Problem – Only the lines from the one containing "Boho Spring Blush" to the end of the data below belong in the answer, each repeated exactly; no pictures.

Recorded information –
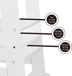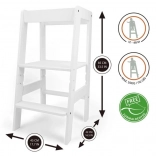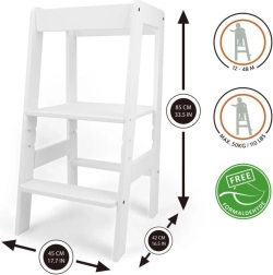 Objavte kúzlo tejto bielej učebnej veže, ktorá bola konštruovaná z vysoko kvalitnej preglejky s maximálnou nosnosťou až 50 kg. Vďaka možnosti nastavenia výšky plošiny na 34, 40,5 alebo 47 cm sa dokonale prispôsobí rastu a potrebám dieťaťa.
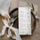 Boho Spring Blush Sage Whimsical Wildblume Elegant Wedding Menü Bohemische Style Whimsical Wildblume Einfache Menüvorlage mit Elegant Spring Pastel farbige Wildblumen und Sage Green Botanicals in handgedruckter Wasserfarbe. Die Rückseite des Menüs mit Mini-Wildblume-Bouquet ist perfekt für Hochzeiten in Boho und für Hochzeiten im Garten. Einfache, druckbare Einladungen für Frühlings-, Sommer-, Herbst- und Winterhochzeiten.
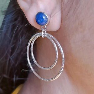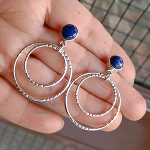 Home Lapis Lazuli Earrings, 925 Sterling Silver Double Hoop Earrings, Natural Blue Round Gemstone Handmade Dangle Earrings, Unique Gift for her

Solved exercise –
 Boho Spring Blush Sage Whimsical Wildblume Elegant Wedding Menü Bohemische Style Whimsical Wildblume Einfache Menüvorlage mit Elegant Spring Pastel farbige Wildblumen und Sage Green Botanicals in handgedruckter Wasserfarbe. Die Rückseite des Menüs mit Mini-Wildblume-Bouquet ist perfekt für Hochzeiten in Boho und für Hochzeiten im Garten. Einfache, druckbare Einladungen für Frühlings-, Sommer-, Herbst- und Winterhochzeiten.
 Home Lapis Lazuli Earrings, 925 Sterling Silver Double Hoop Earrings, Natural Blue Round Gemstone Handmade Dangle Earrings, Unique Gift for her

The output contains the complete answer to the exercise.